Et voilà, my new favorite salad was born.
One important hint upfront about the size of the bowl in which you mix all the ingredients:
Take the largest one you have!
Seriously. You'd better go rummage your basement looking for that one giant salad bowl that your grandmother handed you down or another relative gave you for Christmas to use on a special occasion. This recipe marks that special occasion!
Find the extra-large bowl, rescue it from the basement, and then put it to use. A whole Chinese cabbage may not look like much, but once it’s cut into pieces its volume seems to double. Or even triple. Well, you don't have to listen to me, of course. You might even like to have pieces of Chinese cabbage flying around everywhere in your kitchen. But as I’m a nice person I felt the urge to warn you.

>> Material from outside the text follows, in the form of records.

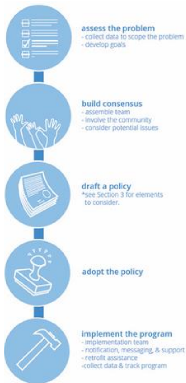
Figure 1: Five Steps to Plan for a Soft-Story Retrofit Program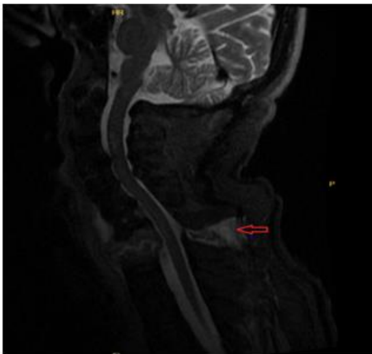
1A. Lesions compatible with epidural abscess are observed in C7 - T1 bodies.(arrow)

Conclusion. NCS refers to the compression of the left renal vein between the SMA and aorta. Dilatation of the proximal portion of the vessel due to increased pressure gradient with resultant venous hypertension and rupture of the thin-walled veins into the collective system is the mainstay of hematuria (from the left ureteral orifice only). Other clinical features of NCS are left flank pain, pelvic pain and gonadal varices. Orthostatic proteinuria has also been reported. This is a rare syndrome but to be considered in case of hematuria of unknown origin.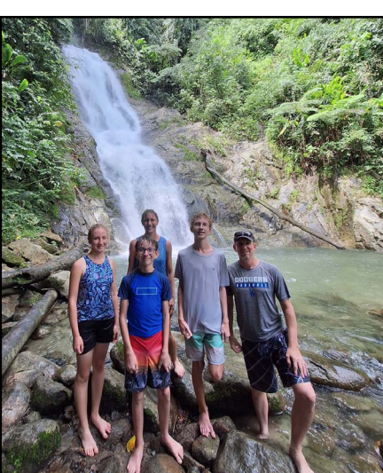
We visited this gorgeous PNG waterfall.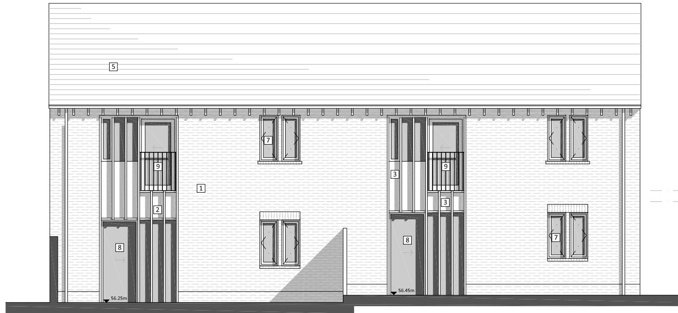
REAR (NE) ELEVATION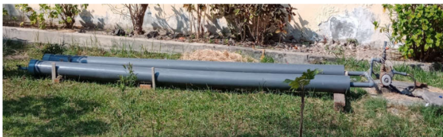
Fig. 2. Tripikon Infiltration Model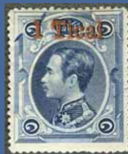
1885-87 1 Tical on 1 solot indigo, variety surcharge double, once in red and once in black, (SG 7e), unused.

For details of the Thailand Philatelic Society please contact: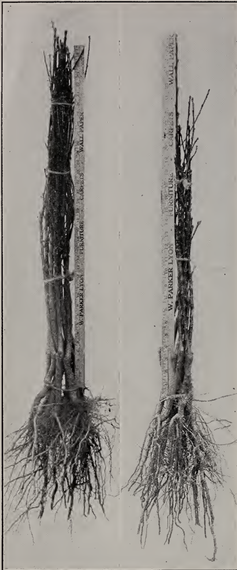
Number One Number Two June Budded Peach Trees.

Peak's Cling. In size and shape it resembles the Phillip's Cling. Texture firm and clear yellow to the pit. Valued as it ripens between the Tuscan and Phillip's Cling—August.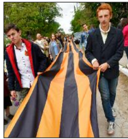
The Russian military's St. George's ribbon.

The treaty was signed on May 7 and called for surrender on May 8, which is celebrated in Europe as "Europe Day." But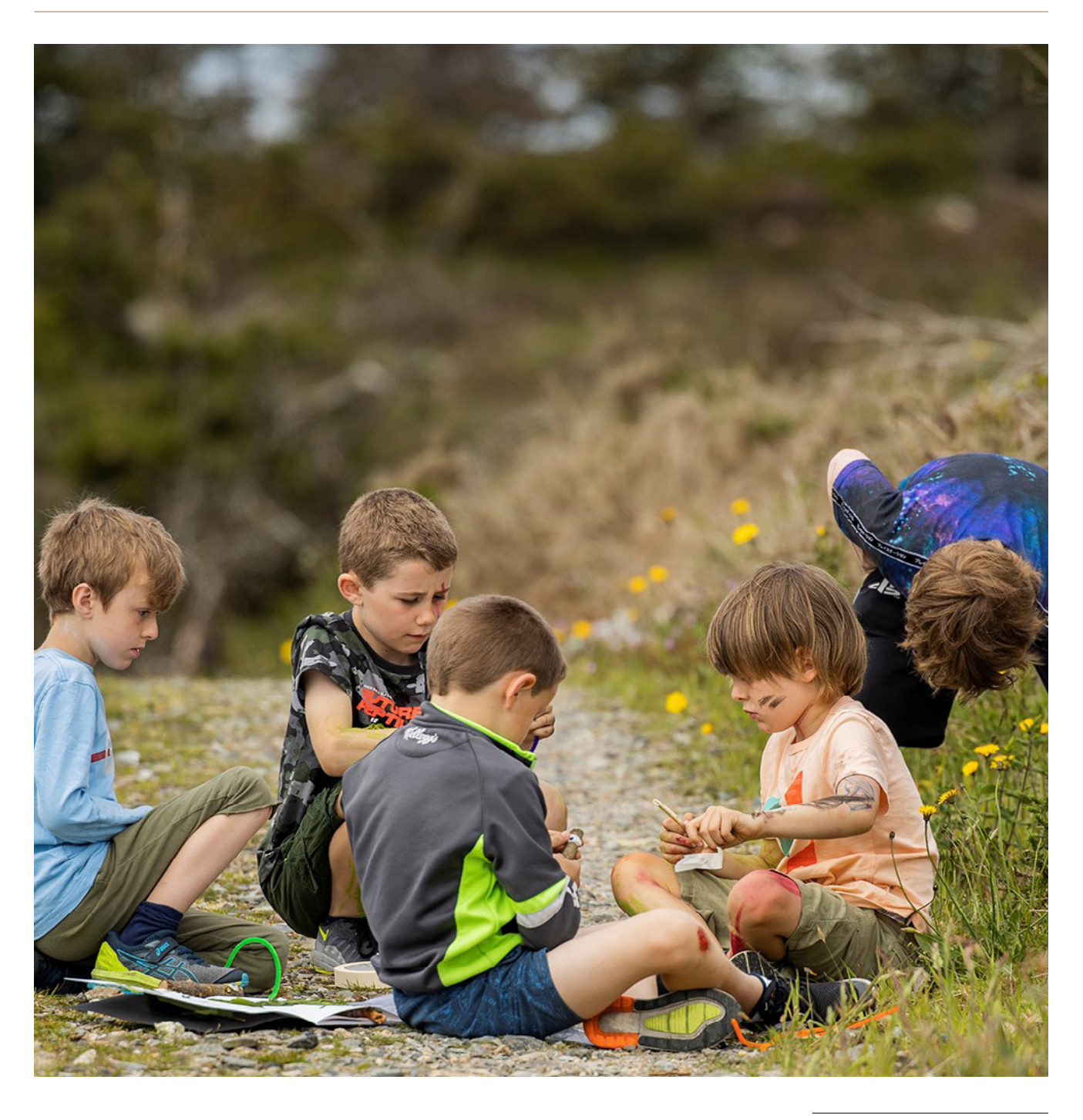
Tara Hills Art Trails Cruinniú na nÓg, Gorey School of Art.

The opportunity embraced within the Wexford Culture and Creativity Strategy 2023–2027 is to support people's participation, inclusion and expression within communities, and further strengthen local creative economies.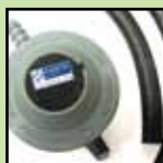
Components of the LPG gas system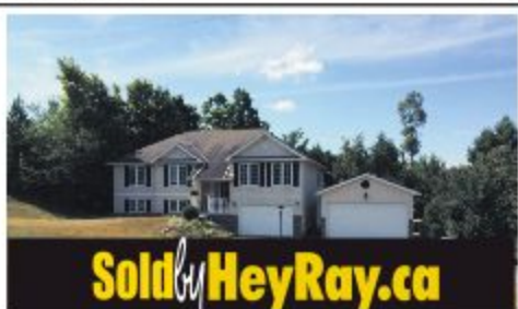
Sold by HeyRay.ca

Bring Your Canoe! Terrific 4+1 bedroom, 4 bathroom family home on a quiet crescent with views over Fairy Lake - no need for a cottage when you live here! Easy flow layout with W/O finished basement. A rare offering! $599,900.00 Acton MLS#W3579020

One more hint (then I'll really stop, and you can finally go check out the recipe): You won't find any salt in the ingredients list for the sauce. Yes, that's true, no need to double-check or tell me that I forgot to mention it. I deliberately left it out, because I find that the tamari sauce and vegetable broth add enough saltiness to the dish. But of course, you are free to act according to your taste and season with salt to your liking.
Chinese cabbage salad with mung bean sprouts and smoked tofu - Prepared in the largest bowl you own
- 1 medium-sized Chinese cabbage about 800g
- 150 g mung bean sprouts* optional
- 250 g cherry tomatoes
- 400 g smoked tofu
- 50 ml strong vegetable broth
- 1 tablespoon native sesame oil
- 1 tablespoon roasted sesame oil
- 2 tablespoons apple cider vinegar
- 3 tablespoons tamari sauce alternatively soy sauce
- 3 tablespoons sesame seeds roasted
- Wash the Chinese cabbage. Cut off the stalk, quarter the cabbage lengthwise and then cut the quarters into bite-sized pieces.
- Rinse the mung bean sprouts (if you use any).
- Rinse and halve the cherry tomatoes.
- Drain the smoked tofu and cut it into small cubes.
- For the sauce, whisk all ingredients together.
- Layer the salad ingredients (Chinese cabbage, sprouts, tomatoes, smoked tofu) in a very large bowl. Pour the sauce over them and carefully stir until everything is well incorporated.